Among the curios to be found on Neil Young’s 1980 album Hawks & Doves is a song called “Union Man.”
Brief and country-tinged, it sketches a musician’s union meeting in droll detail:
Every fourth Friday at 10 am
There’s a local meeting
of the A F of M, yeah!
This meeting will now come to order
Is there any new business?
Yeah, I think ‘Live music are better’
Bumper stickers should be issued.
What was that?
‘Live music is better’ bumper stickers
Should be issued
The gentleman says
‘Live music is better’ bumper stickers
Should be issued
All in favor of what he said
Signify by sayin’ “aye”
Aye! *
What does this tell us?
Well, for one thing, it told anyone who was listening at the time that the Eighties would be a weird and unpredictable ride for Neil Young, even by his prodigious standards.
It also tells us that live music — which really means local music, to read between Neil’s lines — is indeed better, and the people who make it are justifiably proud to promote it.
I wrote last week about my grandparents (and maybe my great-grandma) going to see Benny Goodman at a Stamford-area high school. And I wrote some time ago about them going to see Count Basie in a similar setting.
This week finds them metaphorically slapping a “Live Music Are Better” bumper sticker on their Ford Fairlane and going out to support a regional musician I’d never heard of:
There are no Fred Dearborn videos on YouTube, nor are any Fred Dearborn tour itineraries waiting to be discovered through Google.
But I’ve pieced together the Fred Dearborn story, thanks to my dad’s memory and a little deft web-searching.
According to my dad, my grandpa was friendly with a Dearborn family while growing up in Springfield, Mass., in the 1920s and ’30s.
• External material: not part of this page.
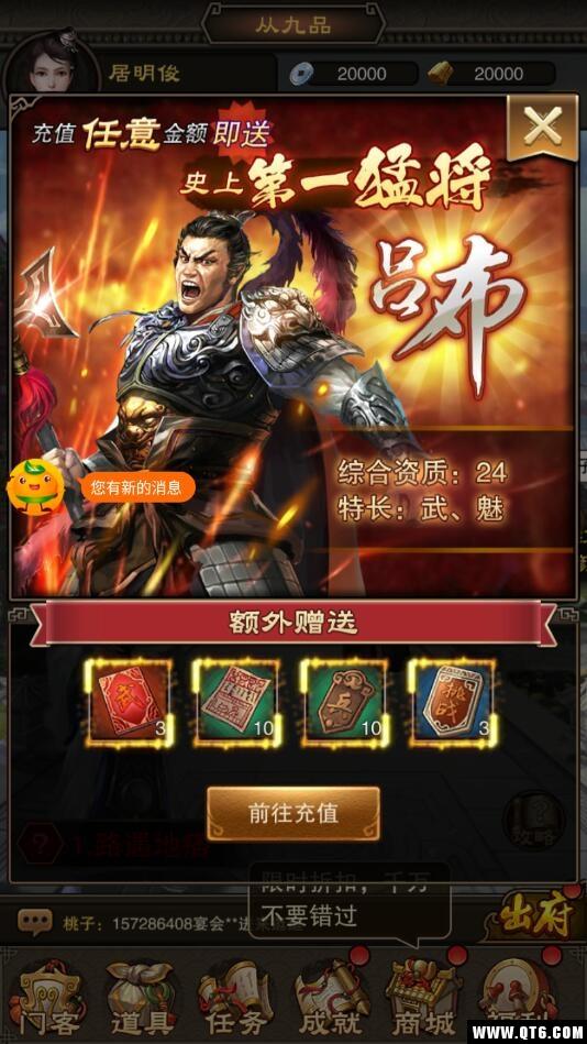 这边建议大家入手个首充礼包,可得到最强武将吕布,初始资质就有24,对他进行重点培养资质道具多用些在吕布身上,过关卡打boss几乎是秒杀!而且后面开启衙门玩法的时候,单挑其他玩家下面的门客攻无不克,佛挡杀佛,神挡弑神,可以说超级划算,顺便说一下游戏中后期达到更高vip等级时可以获得其他强力资质武将;当然如果你是一个平民零氪玩家,也可以选择一个门客进行重点培养,卢俊义、李逵等,只是需要花费更多时间和资源投入,一样可以冲到靠前的排名

The Dearborns were among the families who used to gather with my grandfather for summer getaways at Lake George — not the big one in New York, but a smaller one near the Massachusetts-Connecticut border.
My grandfather and the Dearborn family shared musical as well as personal ties, my dad says.
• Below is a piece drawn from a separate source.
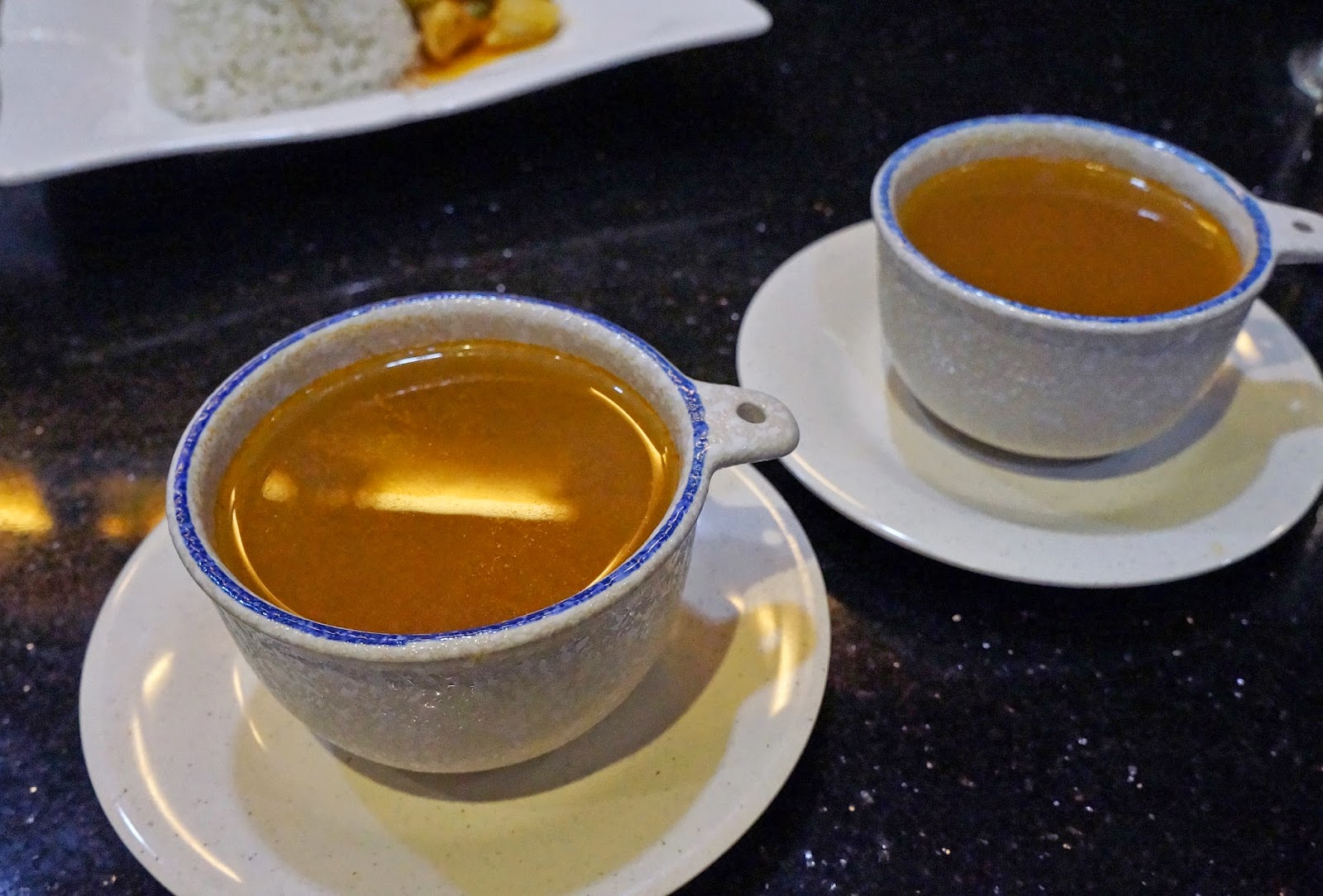 食物上桌之前,店家先端上了两碗附送的汤,汤感觉很“浓”,不像那种鸡饭摊会附送的“水”汤。

I very vaguely recall that one of the Dearborns was a musician, and that my father once actually played a couple paying gigs with him on violin (I once saw a song list in Pop’s writing) in the late 1920s or early 1930s.
(I’ve dug up a lot of family oddments over the course of this blog … but a set list in my grandpa’s hand? Wouldn’t that be something. Wonder what was on it, and what became of it.)
You might notice the period after “Fred” on my grandpa’s calendar entry, indicating that “Fred” was an abbreviation for something — presumably Frederick.
A Google search for Frederick Dearborn turns up a Hartford Courant obituary for a man who grew up in Springfield and sang in professional bands. Sounds like he could have been part of the family my dad remembers.
After leaving a touring musician’s life behind, Fred Dearborn taught music in the West Hartford public schools from the 1940s to the late 1970s. In retirement, he played in no fewer than three towns’ senior citizen bands.
(He would still have been teaching in March 1968. I’m not sure what brought him all the way down to Stamford to perform. I also don’t know whether he was the headline performer or part of a larger group; I’m guessing the latter.)
In a charming gesture, Fred Dearborn apparently held a dance and reception for his students well after his retirement, to thank them for “being so nice to me.”
The obit also indicates that he outlived my grandfather by about five months, dying in West Hartford in July 2001.
My grandpa and Fred Dearborn apparently did not stay that close into adulthood. My dad has no recollection of him visiting the family home when my dad was a kid.
So this concert could well have been the last time the locally beloved music teacher ever crossed paths with his former violin-sideman-turned-draftsman.
I’d like to think they spent a couple minutes shooting the breeze after the concert. The approachability of the performers is one of the most enjoyable things about local music, whether you’re a new fan or an old friend.
It’s one reason why — however you phrase it — live music is/are better.